Во сне он бесплотно скользнул к нему из своих недоступных далей, уверенный, сильный, любящий, присел на постель, положил руку на плечо, и утишилась боль. И опять Ваня не смог, как ни силился, разглядеть его лица. Отец погиб в афганских горах, едва сыну исполнилось семь лет. А детская память сохранила лишь солнечный весенний день, когда его провожали со степного, открытого всем ветрам, военного аэродрома во вторую, ставшую последней командировку. Отец весело помахал ему и маме рукой, поднимаясь по трапу в поглотивший его пятнистый самолет. Помахал на прощание, улетел и уже никогда не вернулся.
Слушая дробный перестук колес в предрассветной тревожной сердцу тишине, Ваня мысленно перебирал в памяти весь свой род, начиная с отца. В близкой истории ни в одном поколении не было в нем не воевавших. Прадед, лихой есаул, Первую мировую и Гражданскую прошел, дед отвоевал Отечественную, отец не вернулся с афганской. Не считая других близких родственников, побывавших на больших и малых войнах. И он не избежал этой участи. Да таких, как он, разве сосчитать по всей России!

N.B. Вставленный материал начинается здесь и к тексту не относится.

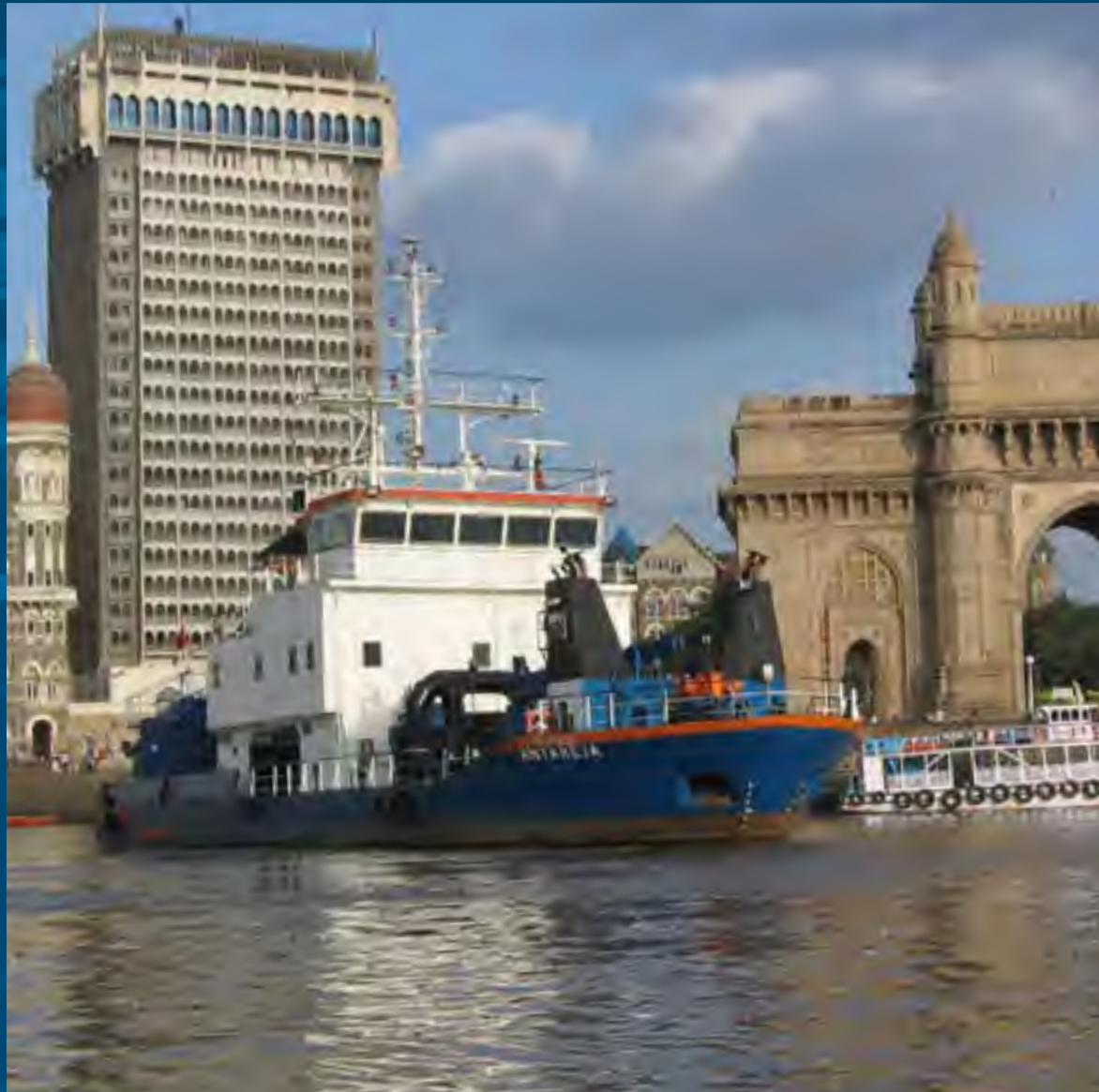
Water injection dredger Antareja
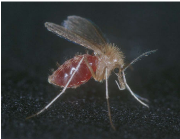
Fig. 9. Phlebotomus papatasi female.

many cases obsolete) written keys in the literature, and some of them are on local sand fly fauna for studied countries and/or studied area(s). In fact, for most of the sand fly species, morphological identification is very difficult and needs experience, particularly for female specimens. The taxonomy is not always resolved and there are important gaps in our knowledge. In many cases, morphological identification using written keys is not sufficient, and molecular confirmation is additionally required. The best approach is to conduct a morphological identification and then to use molecular methods for confirmation. Even if most sand fly species can be distinguished morphologically it requires expertise to discern these differences. For instance, it is difficult to distinguish P. perniciosus from Phlebotomus longicuspis (Pesson et al. , 2004) or Phlebotomus neglectus from Phlebotomus syriacus (Badakhshan et al. , 2011; Erisoz Kasap et al. , 2013). For damaged specimens and immature stages, molecular methods will be required for accurate identification.
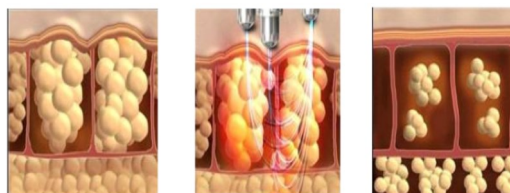
Cellulite prone skin → RF treatment → Skin appears smoother

It is now widely accepted that radio frequency is the best currently available technology for non-invasive, non-surgical skin tightening and cellulite removal.
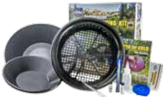
Deluxe Gold Pan Kit Page 30
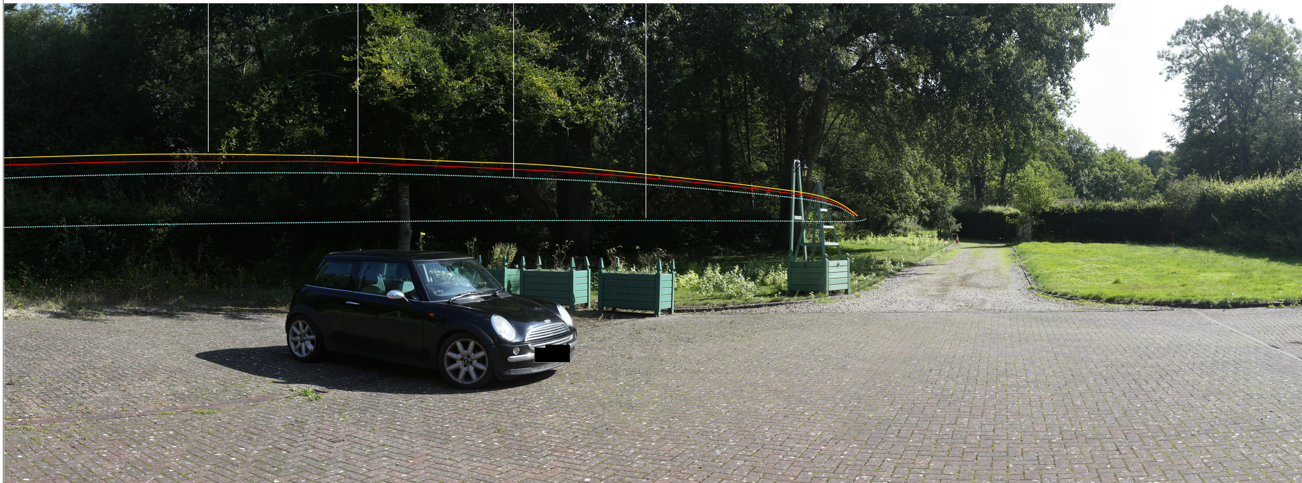
PROPOSED (SUMMER YEAR 15)

Lower blue dotted line indicates road level of slip road

«Устал, как я устал», – прошептал Ваня в серое зыбкое пространство купе. Впервые ощутив, что вся безмерная накопленная всеми его родичами ратная тяжесть не рассеяна в исчезающем пространстве, хранится в нем, а поверх лежат лишь лишения, выпавшие на его долю. Но его муки, его боли не могли раствориться в бесконечности общего страдания. Еще недавно родичей было много, в разные времена они могли опереться друг на друга. Ему же не к кому было прислониться. Последним из мужиков остался, вышиби его, кончился бы на нем их род. Бабушка сказывала, что раньше у казаков на войну таких последышей, как он, не посылали, сберегали для потомства.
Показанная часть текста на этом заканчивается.